# AIM OF THE TASK
Below are records with pictures in them. Transcribe everything from the line containing "En aquesta entrada" down to the line containing "用滤网把蛋筋过滤出来,至少过", exactly, and leave the pictures behind.

# THE RECORDS

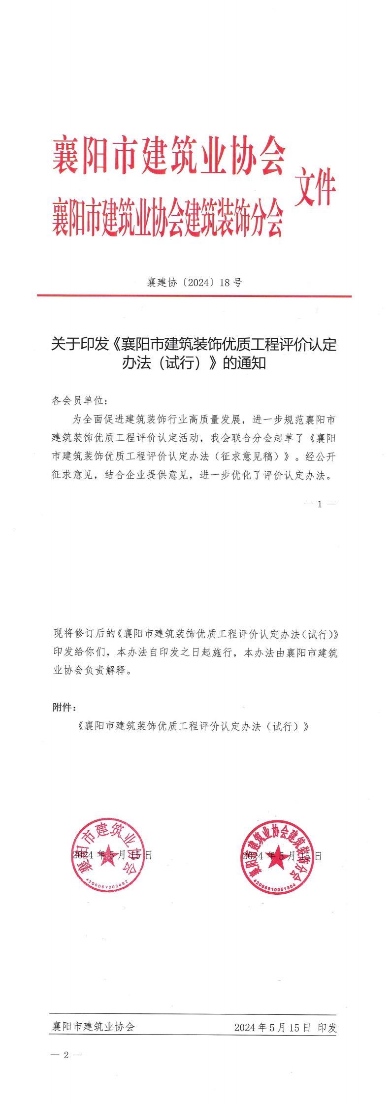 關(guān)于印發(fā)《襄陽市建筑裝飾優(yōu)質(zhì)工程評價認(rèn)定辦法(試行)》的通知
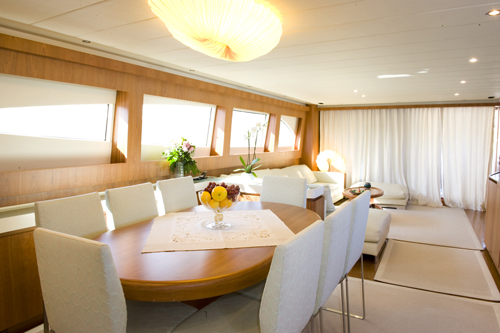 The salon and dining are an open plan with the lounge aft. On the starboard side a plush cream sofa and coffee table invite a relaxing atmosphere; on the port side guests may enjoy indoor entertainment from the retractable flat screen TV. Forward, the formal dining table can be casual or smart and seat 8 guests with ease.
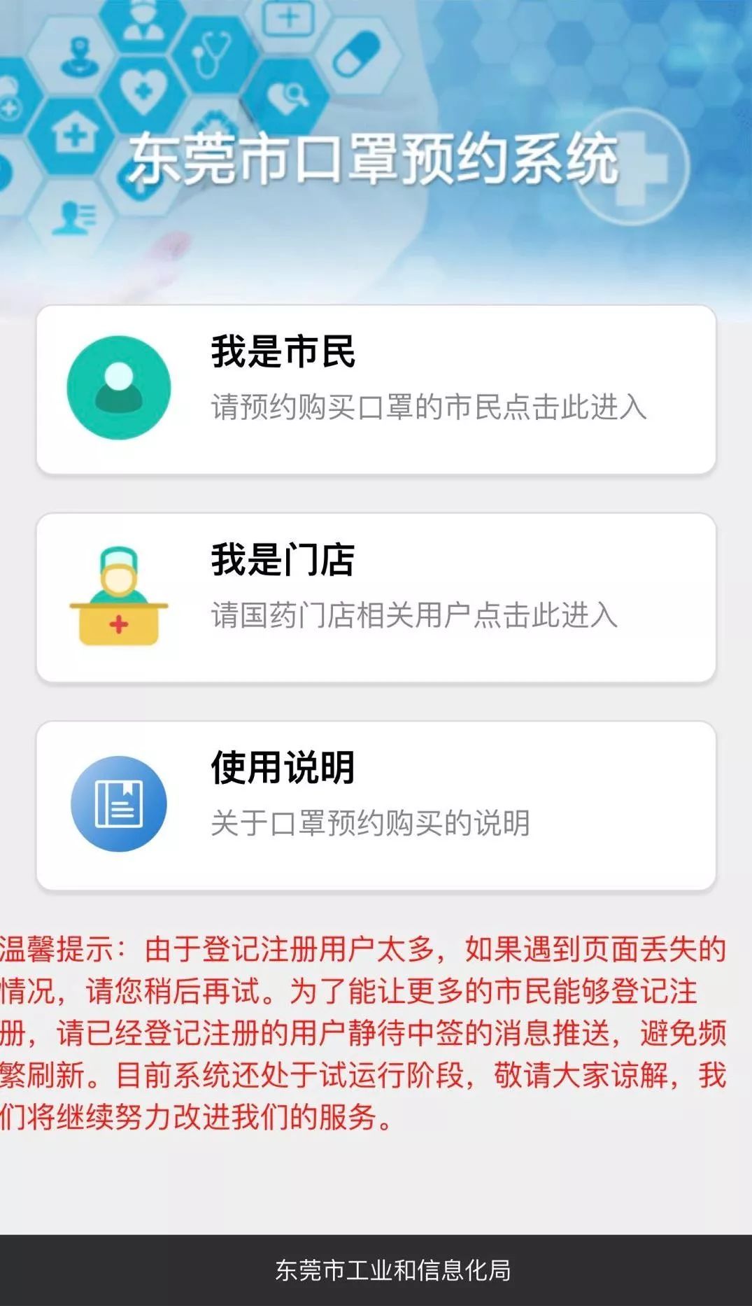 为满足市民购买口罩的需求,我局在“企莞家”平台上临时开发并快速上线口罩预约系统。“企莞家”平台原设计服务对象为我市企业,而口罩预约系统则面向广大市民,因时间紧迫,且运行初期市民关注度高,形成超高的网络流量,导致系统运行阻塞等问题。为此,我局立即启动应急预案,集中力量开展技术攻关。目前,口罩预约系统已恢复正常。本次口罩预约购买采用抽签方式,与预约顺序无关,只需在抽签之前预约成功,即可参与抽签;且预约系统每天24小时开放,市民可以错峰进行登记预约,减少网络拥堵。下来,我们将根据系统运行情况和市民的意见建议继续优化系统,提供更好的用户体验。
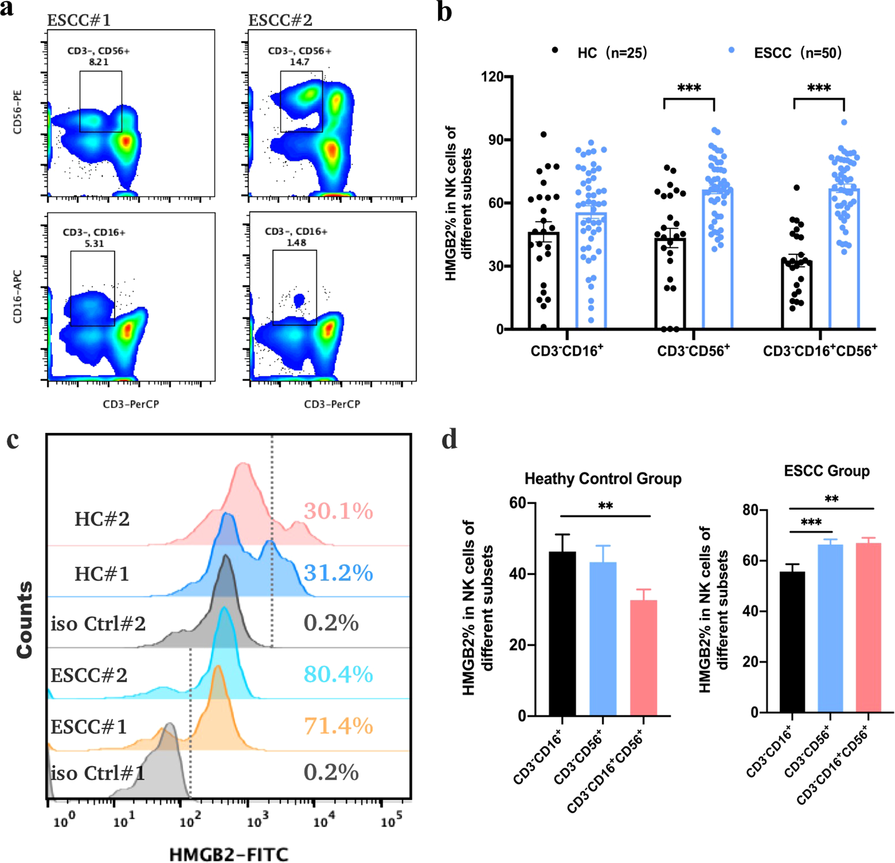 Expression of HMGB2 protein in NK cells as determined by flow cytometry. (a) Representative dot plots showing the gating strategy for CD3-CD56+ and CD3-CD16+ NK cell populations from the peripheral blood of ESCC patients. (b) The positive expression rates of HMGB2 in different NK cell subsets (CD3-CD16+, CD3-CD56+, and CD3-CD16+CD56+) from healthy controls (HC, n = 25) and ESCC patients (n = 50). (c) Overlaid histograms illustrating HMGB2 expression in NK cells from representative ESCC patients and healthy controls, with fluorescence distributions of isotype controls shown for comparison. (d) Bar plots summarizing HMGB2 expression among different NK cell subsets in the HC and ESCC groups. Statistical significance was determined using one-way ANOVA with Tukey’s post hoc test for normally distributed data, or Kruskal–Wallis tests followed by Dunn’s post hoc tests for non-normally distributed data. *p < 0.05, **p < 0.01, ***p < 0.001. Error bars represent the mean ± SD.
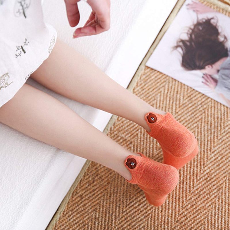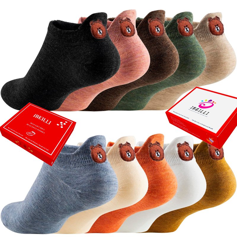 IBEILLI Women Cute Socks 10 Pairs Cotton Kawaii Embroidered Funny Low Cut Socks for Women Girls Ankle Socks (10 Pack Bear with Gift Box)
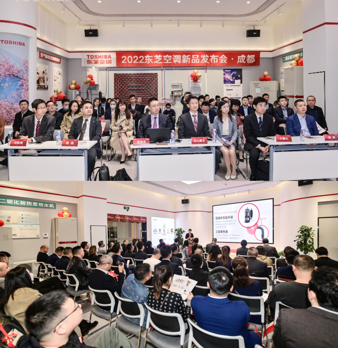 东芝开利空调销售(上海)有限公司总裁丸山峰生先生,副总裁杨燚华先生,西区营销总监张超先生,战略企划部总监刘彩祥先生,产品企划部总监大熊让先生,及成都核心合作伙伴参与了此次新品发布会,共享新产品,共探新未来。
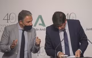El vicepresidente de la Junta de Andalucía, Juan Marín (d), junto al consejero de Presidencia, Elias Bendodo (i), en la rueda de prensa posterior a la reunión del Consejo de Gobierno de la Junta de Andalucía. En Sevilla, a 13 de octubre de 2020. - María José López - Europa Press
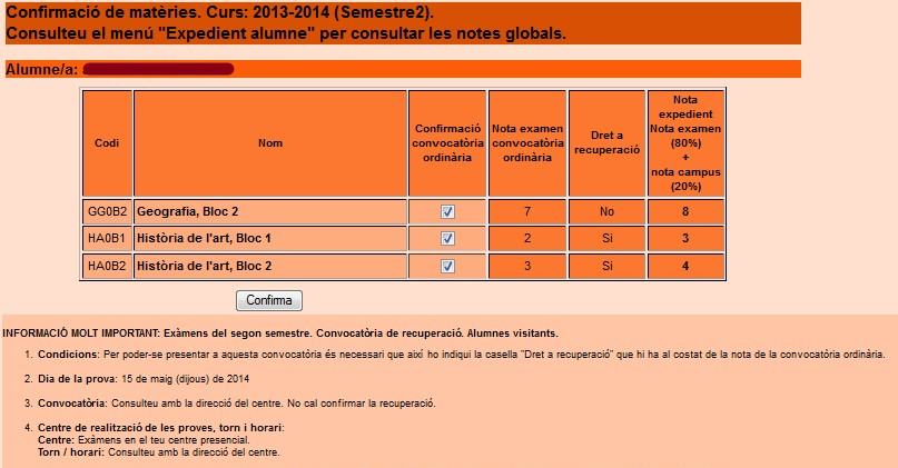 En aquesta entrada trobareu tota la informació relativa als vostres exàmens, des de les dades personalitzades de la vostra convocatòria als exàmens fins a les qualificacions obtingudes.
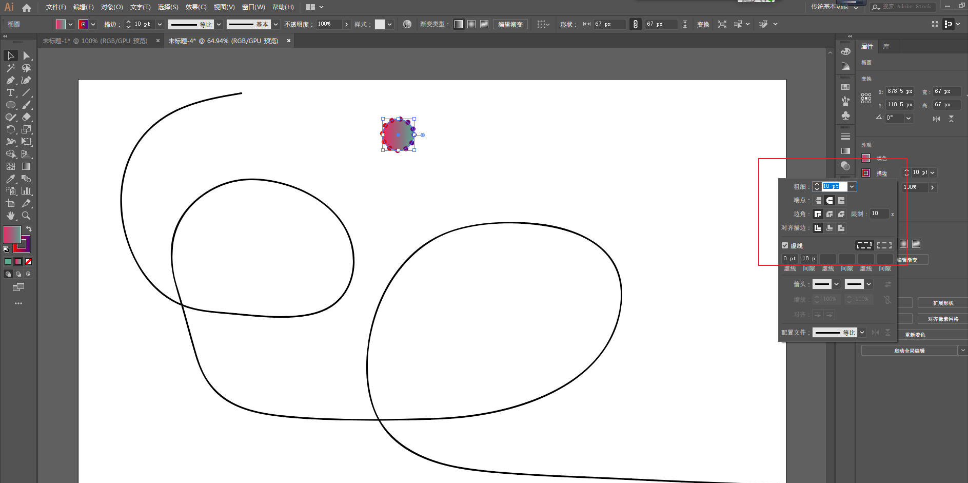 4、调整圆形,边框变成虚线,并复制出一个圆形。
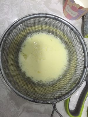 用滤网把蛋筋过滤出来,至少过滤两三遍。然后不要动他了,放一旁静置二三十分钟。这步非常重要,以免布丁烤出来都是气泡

...

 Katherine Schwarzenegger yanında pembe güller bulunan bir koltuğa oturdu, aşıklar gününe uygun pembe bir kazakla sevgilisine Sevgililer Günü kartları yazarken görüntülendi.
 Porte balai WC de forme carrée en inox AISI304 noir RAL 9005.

--

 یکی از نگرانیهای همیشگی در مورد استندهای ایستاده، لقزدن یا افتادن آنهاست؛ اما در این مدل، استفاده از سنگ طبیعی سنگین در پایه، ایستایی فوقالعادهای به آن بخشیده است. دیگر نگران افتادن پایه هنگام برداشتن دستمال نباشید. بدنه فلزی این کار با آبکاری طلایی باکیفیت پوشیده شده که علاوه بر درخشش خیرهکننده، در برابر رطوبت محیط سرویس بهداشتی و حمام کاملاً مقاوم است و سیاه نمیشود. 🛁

# THE ANSWER
 En aquesta entrada trobareu tota la informació relativa als vostres exàmens, des de les dades personalitzades de la vostra convocatòria als exàmens fins a les qualificacions obtingudes.
 4、调整圆形,边框变成虚线,并复制出一个圆形。
 用滤网把蛋筋过滤出来,至少过滤两三遍。然后不要动他了,放一旁静置二三十分钟。这步非常重要,以免布丁烤出来都是气泡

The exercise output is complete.